Over the last six months I have had the privilege of speaking with many parents in the United Kingdom, United States and Canada. Many of them are alienated fathers.
The parents described heartbreaking stories where they have not been able to see or hear from their children for months or even years.
Alienated parents describe how they long to hold their children. More importantly, how they are intentionally excluded from significant events in their child’s life such as birthdays, Holidays, ballet recitals, soccer games and school events. Furthermore, how they miss out on significant milestones in the lives of their children such as their first words, first steps or when they learned to ride a bike.
The most devastating are the cases where children are led to believe false allegations and downright lies about the alienated parent.
“Daddy, abandoned you, because he hates you.”
“Daddy does not love you, don’t ever mention him.”
These statements pale in comparison to some of the really cruel stories I have heard.
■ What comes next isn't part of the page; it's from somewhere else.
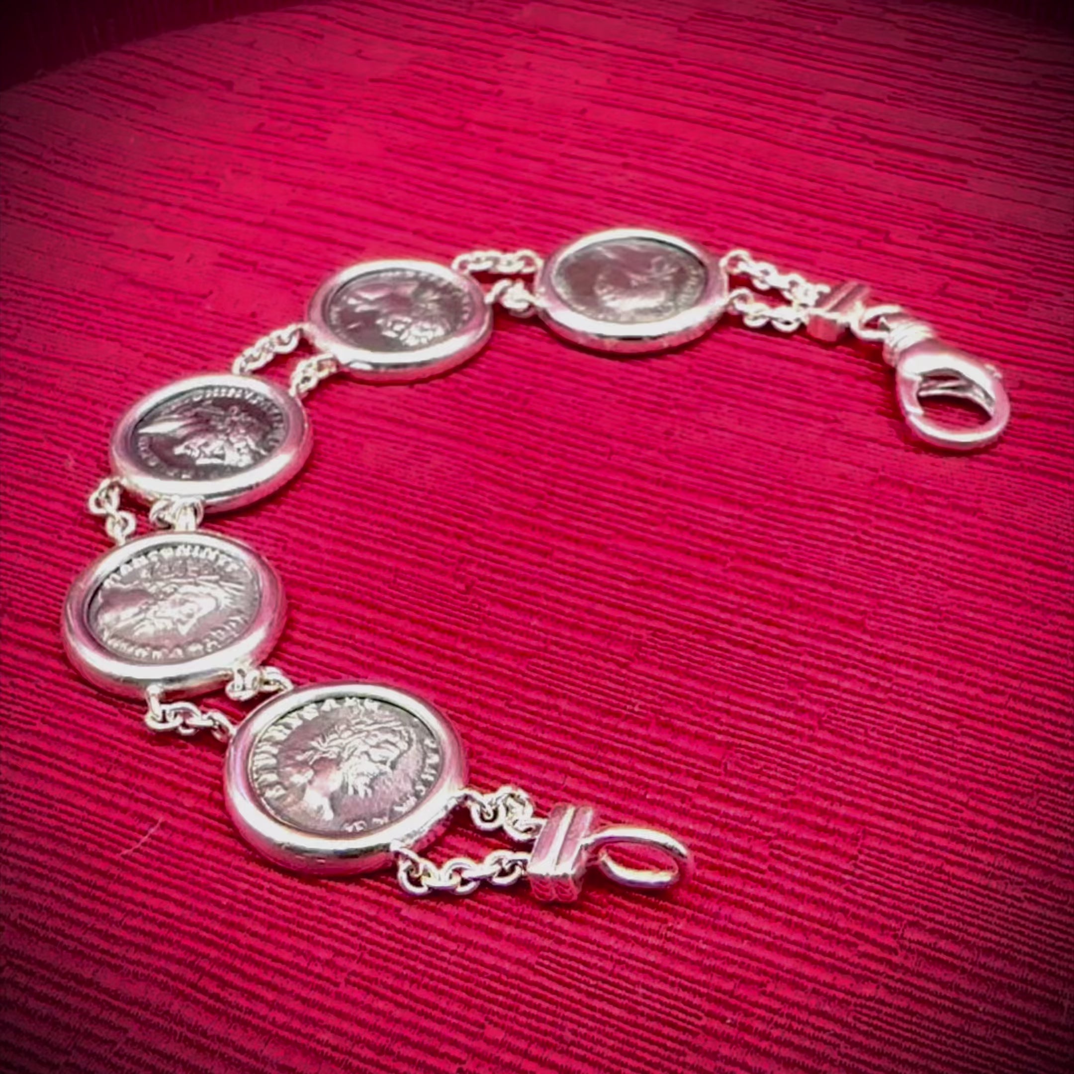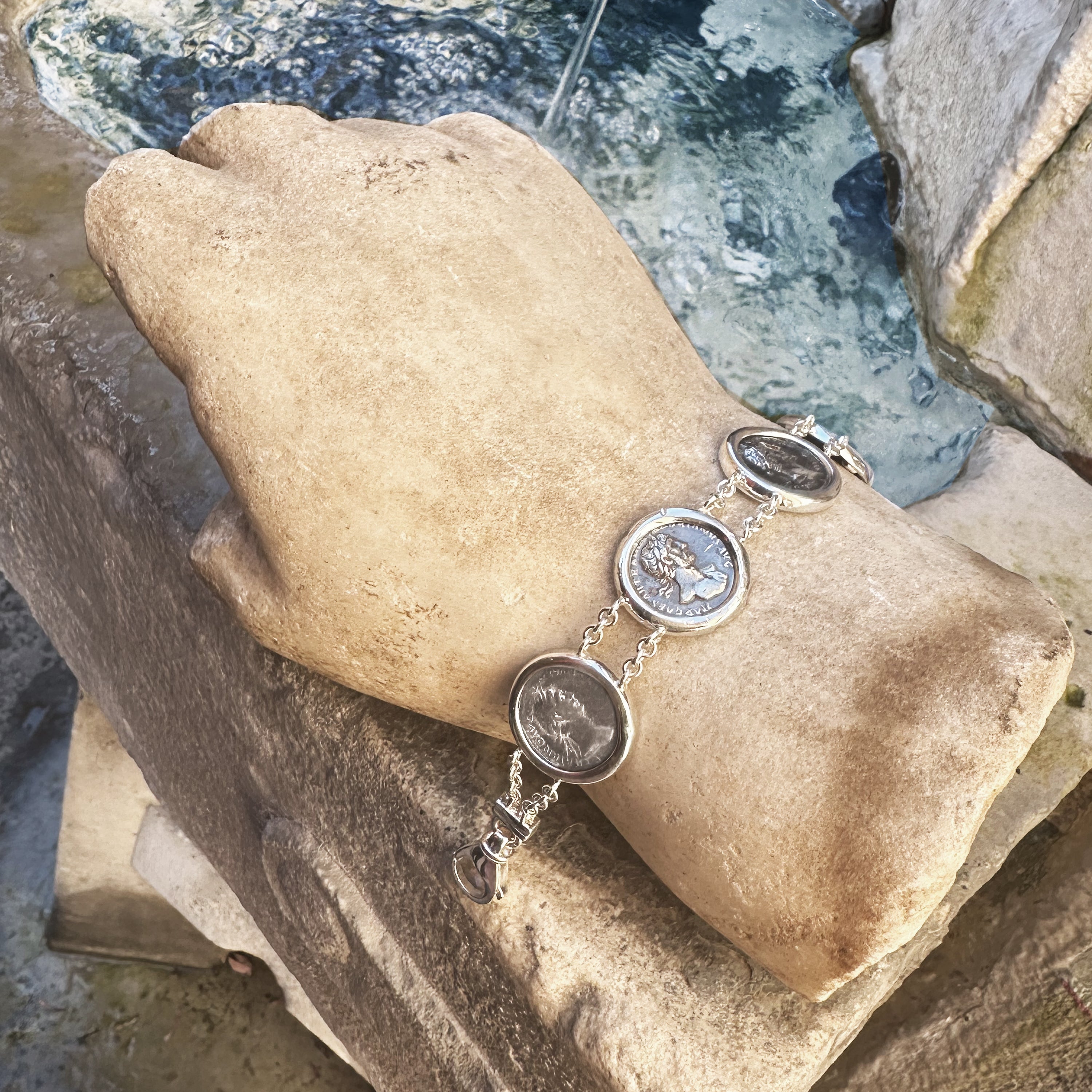 FIVE EMPERORS Bracciale in argento 925 autentico monete romane antiche 2° secolo d.C.

Since the custodial parent controls when the alienated parent can and cannot see the child the alienated parent is left with few opportunities to redeem themselves and with very little time.
Equally, sad are the situations where the child actually wants to maintain a relationship with the alienated parent but is not permitted.
There are also long term devastating effects for the child, the parent and society as a whole. In many situations the emotional damage to the child is so deep that the relationship with the alienated parent cannot be repaired.